Pour comprendre le fonctionnement de ces PFC, regardez d'abord le film Abyss. Vous y verrez une scène dans laquelle une souris est immergée par un chercheur dans un liquide étrange. Agonisant au départ, contre toute attente, la souris se calme au bout de quelques secondes, s'habitue, respire et vit en complète bonne santé dans ce nouvel univers liquide. Ce fameux liquide n'est autre qu'une solution de perfluorocarbures.
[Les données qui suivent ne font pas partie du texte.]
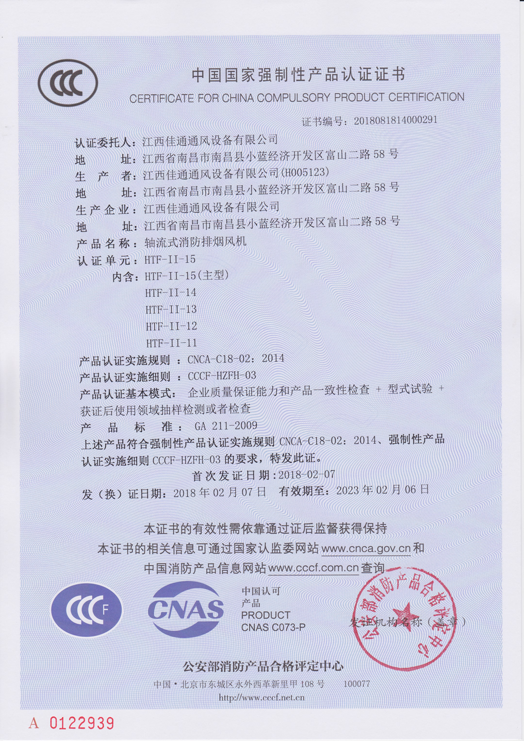 軸流式消防排煙風機(雙速)HTF-II-15(主型)消防3C認證證書
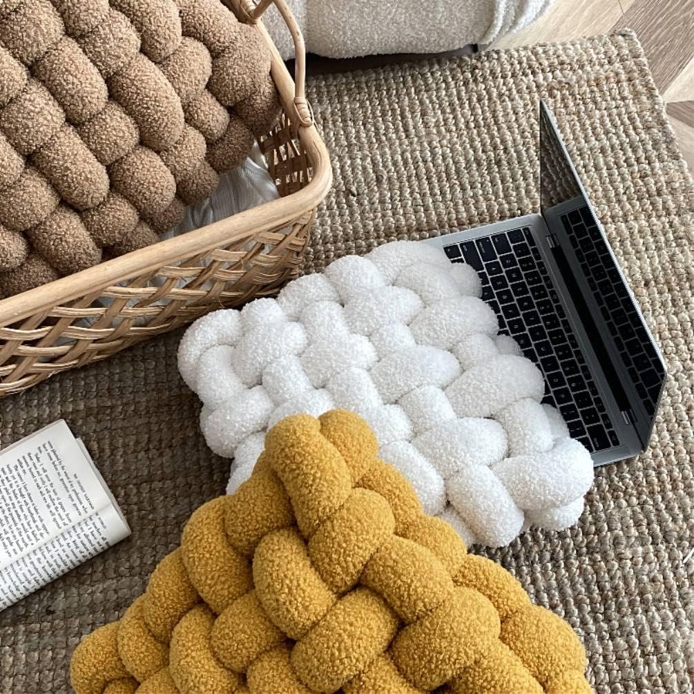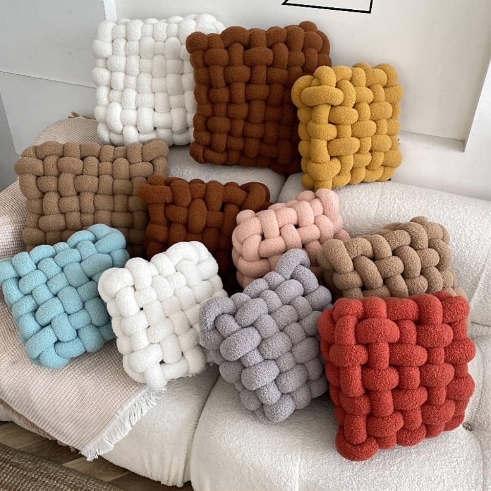 Nordic ins pillow square woven chair cushion cushion sofa back plush pillow decorative bay window cushionSpecificationMaterial: Lamb velvetKnot Pillow Size:33x30x12cm/13x11.8x4.7inch, 40x40x12cm/15.7x15.7x4.7inchWeight: about 900g/1500g(There may be a difference of about 100g, please understand)Color: Pink, Ginger Yellow, Grapefruit Red, Caramel, Khaki, Creamy, Light Blue, Light GreyPackage Contains1x Square Knot PillowWashing Instructions: Hand wash only (do not machine wash or use bleach). The inner core cannot be disassembled and cleaned. Keep it as it is after each wash.Note:1. The real color of the item may be slightly different caused by many factors such as brightness of your monitor and light brightness.2. Please allow 1-2cm deviation due to the sewing or hand-cutting.3.Because Our Round Pillow is packed in a vacuum bag. When you receive them, take them out and pat them a few times to fluff them up.Pillows may take up to 24 hours to recover, please be patient. 4.If you have any quality problems with the products you received, you can contact us at any time, and we will reply you within 24hours.
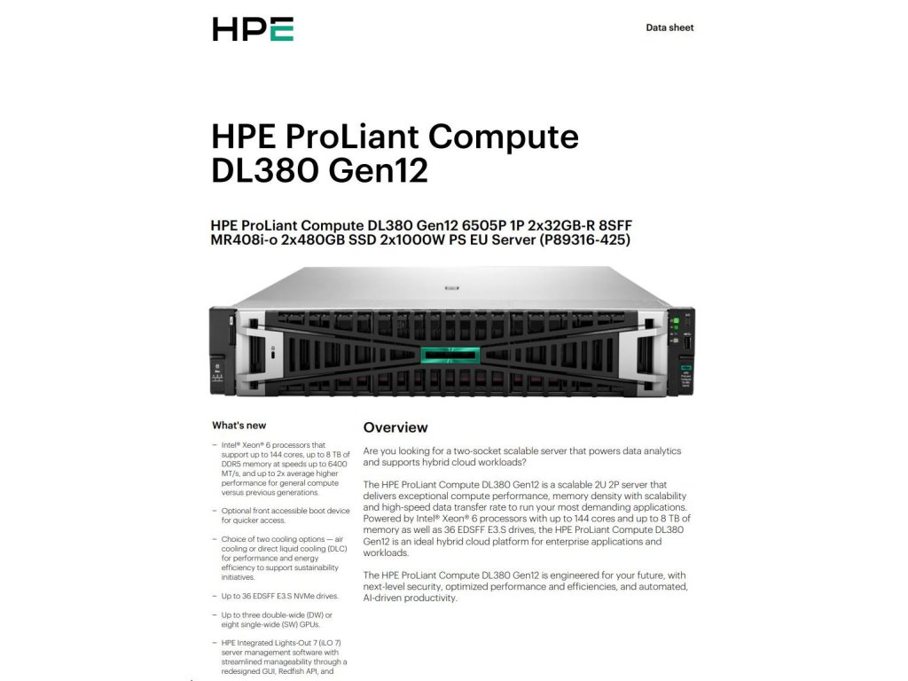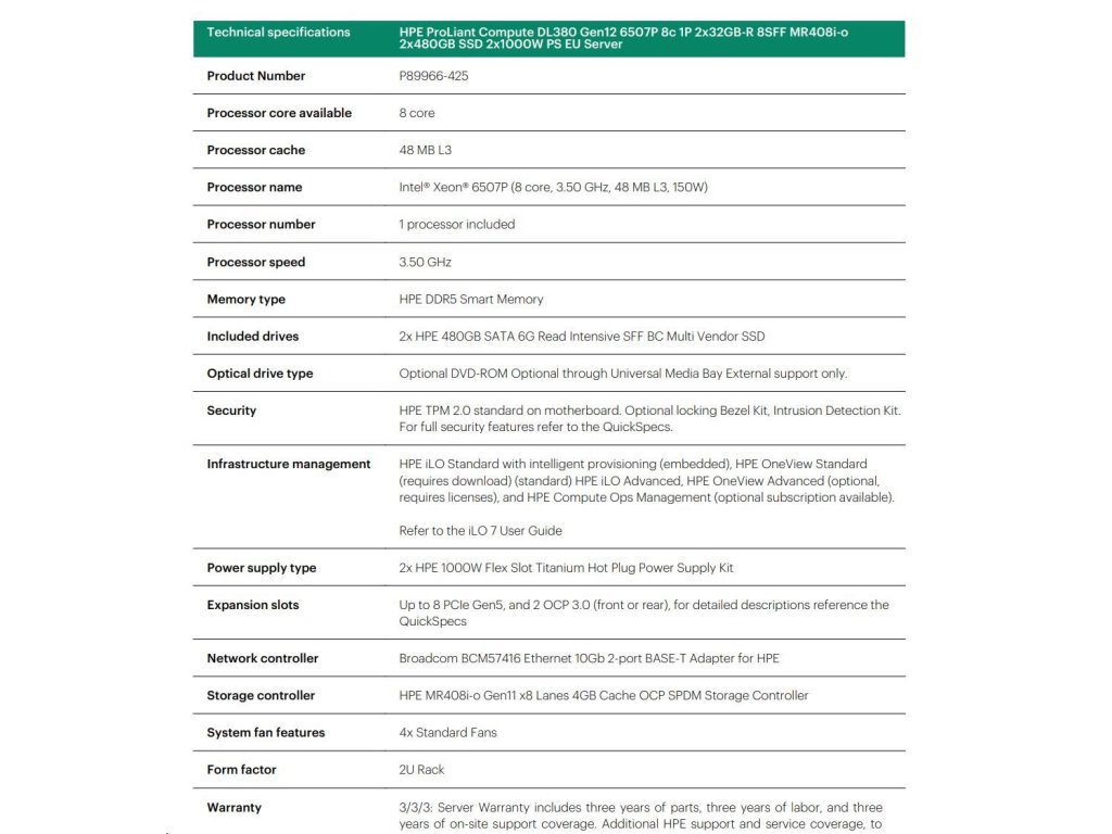 HPE PL DL380g12 6507P (3.5/8C) 2x32G (P69727) 2x480G MR408i-o 8SFF 2x1000W 10GbE NBD333 Smart Choice P89966-425

Les PFC sont des substances inertes, non toxiques qui solubilisent les gaz. Injectés dans le corps d'un sportif, ils deviennent intéressants car ils solubilisent l'oxygène et le dioxyde de carbone. Ce qui signifie qu'ils remplacent tout simplement l'hémoglobine dont le rôle principal est le transport de l'oxygène des poumons vers les muscles et le transport du dioxyde de carbone des muscles vers les poumons.
En pratique hospitalière, les PFC sont utilisés comme substituts de sang notamment chez les insuffisants respiratoires (cancer des poumons, mucoviscidose, etc...). Comme l'EPO, les tricheurs du sport n'ont pas mis longtemps à voir l'intérêt des PFC. Evidemment un tel produit n'est pas sans incidence sur la santé, bien au contraire...
/http%3A%2F%2Fwww.cscs.ch%2Fgallery%2Fimages%2F20040310-162949-nanotube-doping-oh.jpg)
/http%3A%2F%2Fwww.seps.vd.ch%2Fimg%2Fimg_05%2Fdopage.jpg)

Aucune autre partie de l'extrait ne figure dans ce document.